Tesla, Inc. has announced the successful completion of its previously announced offer to exchange all outstanding shares of common stock of Maxwell Technologies, Inc for 0.0193 of a share of Tesla common stock, together with cash in lieu of any fractional shares of Tesla common stock, without interest and less any applicable withholding taxes. Tesla started the acquisition process in February to improve the performance of battery cells it uses in electric cars.
The exchange offer expired on May 15, 2019. As of the expiration of the exchange offer, a total of approximately 36,764,342 shares of common stock of Maxwell were validly tendered in the exchange offer and not validly withdrawn, representing approximately 79% of the aggregate voting power of the shares of Maxwell common stock outstanding immediately after the consummation of the exchange offer. All shares of Maxwell common stock that were validly tendered and not validly withdrawn prior to the expiration of the offer have been accepted by Tesla for payment in accordance with the terms of the exchange offer.

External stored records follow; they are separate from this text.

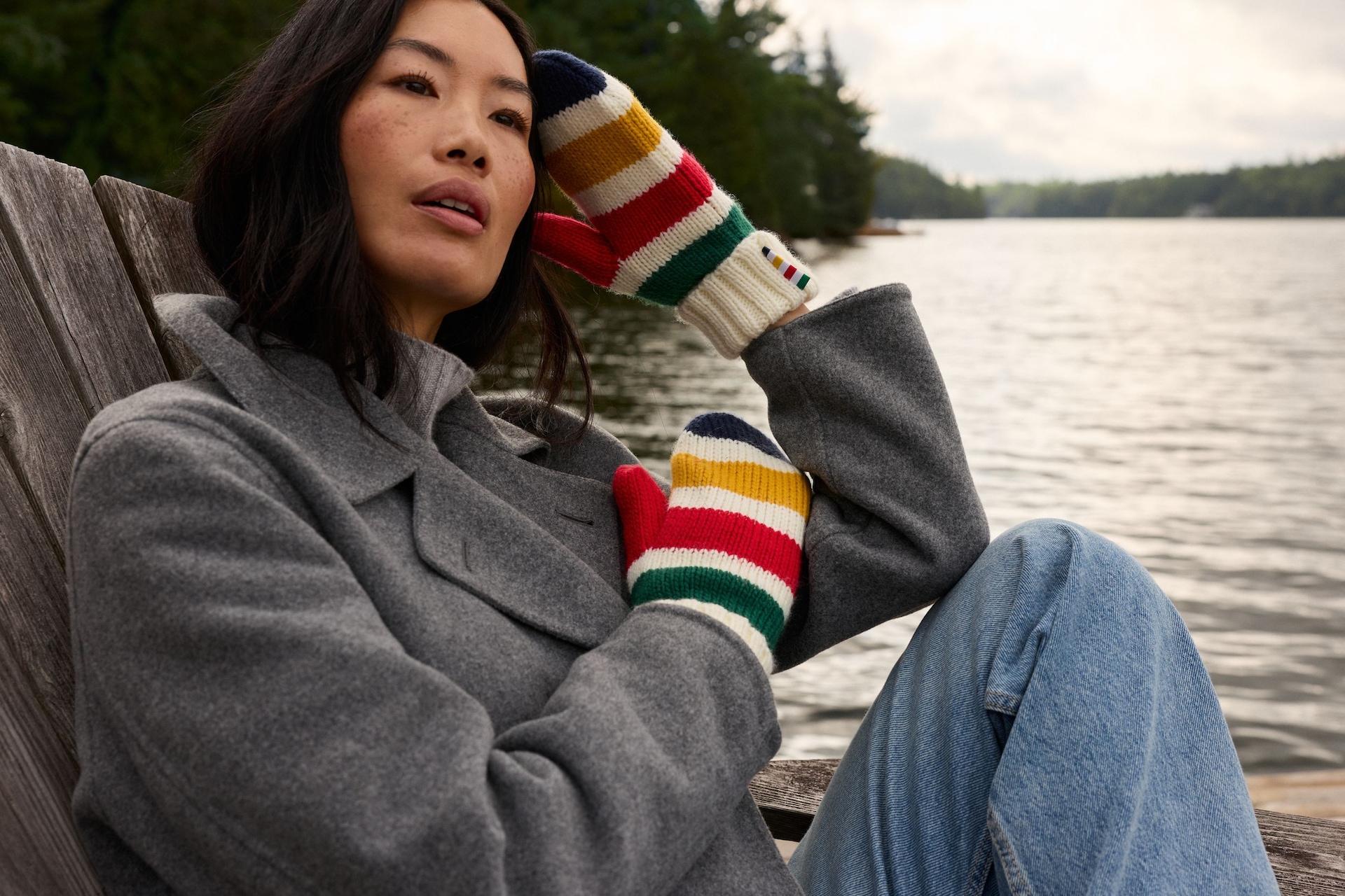 Keep your hands warm while celebrating heritage with these Hudson’s Bay Stripes™ Mittens in white. Featuring the iconic Hudson’s Bay Stripes, these mittens offer both style and comfort. Available in assorted sizes for the whole family, they make perfect holiday presents and are ideal for daily use during the winter season.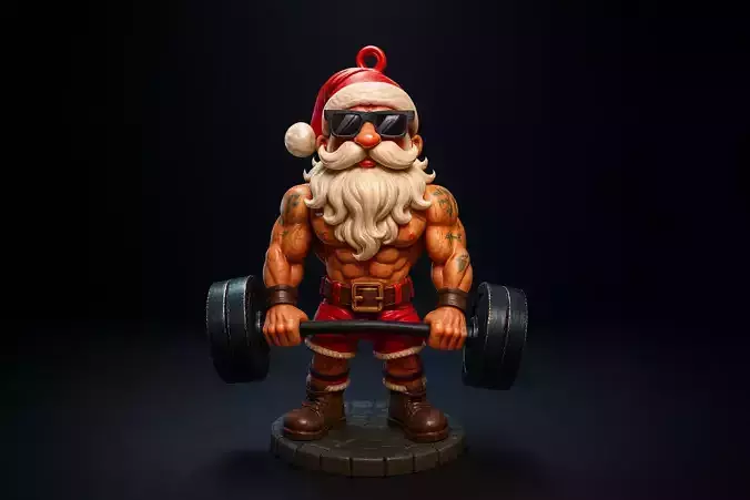 muscle santa, bodybuilding santa, christmas figurine, santa ornament, 3d print model, holiday decoration, buff santa claus, funny christmas decor, santa statue, christmas collectible, festive ornament, muscular santa, christmas novelty, holiday gift idea, santa sculpture, fitness santa, winter decor, santa weightlifter, holiday display piece, christmas 3d print
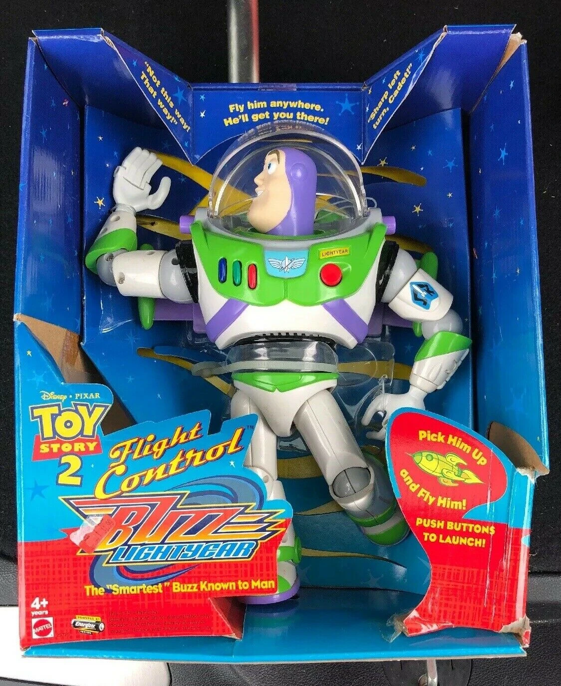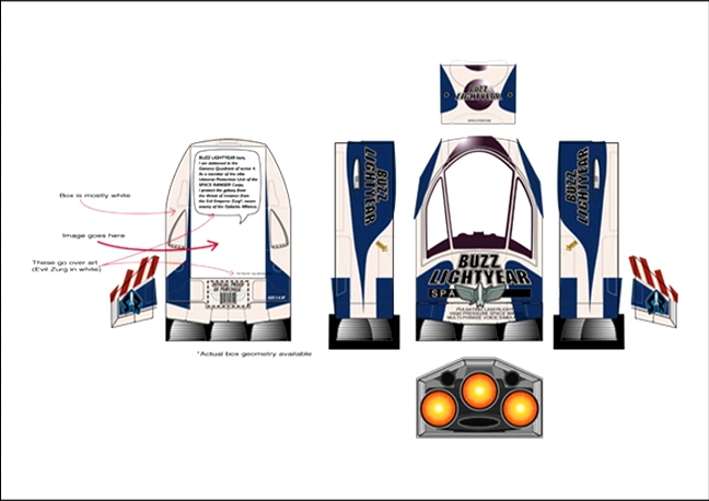 Buzz comes packaged in an ornately detailed box designed after a spaceship. It features the Buzz Lightyear logo proudly displayed on the front, and two cardboard wings located on either side. Buzz can be seen through a transparent plastic sheet on the "Cockpit", and, as seen in Toy Story 2, the box opens from the bottom, through which a secondary cardboard tray is removed. Buzz is attached with four total twist ties at the wrists and ankles. Buzz is completely inaccessible without opening the package, which brings to mind the question of why the figure has a demo mode at all.

Following to the completion of the exchange offer, Tesla completed the acquisition of Maxwell by consummating the second step merger contemplated by the previously announced merger agreement between Tesla and Maxwell. As a result of this merger, all shares of Maxwell stock that were not tendered in Tesla’s exchange offer were canceled in exchange for the right to receive the same consideration paid for Maxwell stock in the exchange offer.
Maxwell Technologies, Inc. is a leading battery manufacturer specializing in the storage and supply of energy.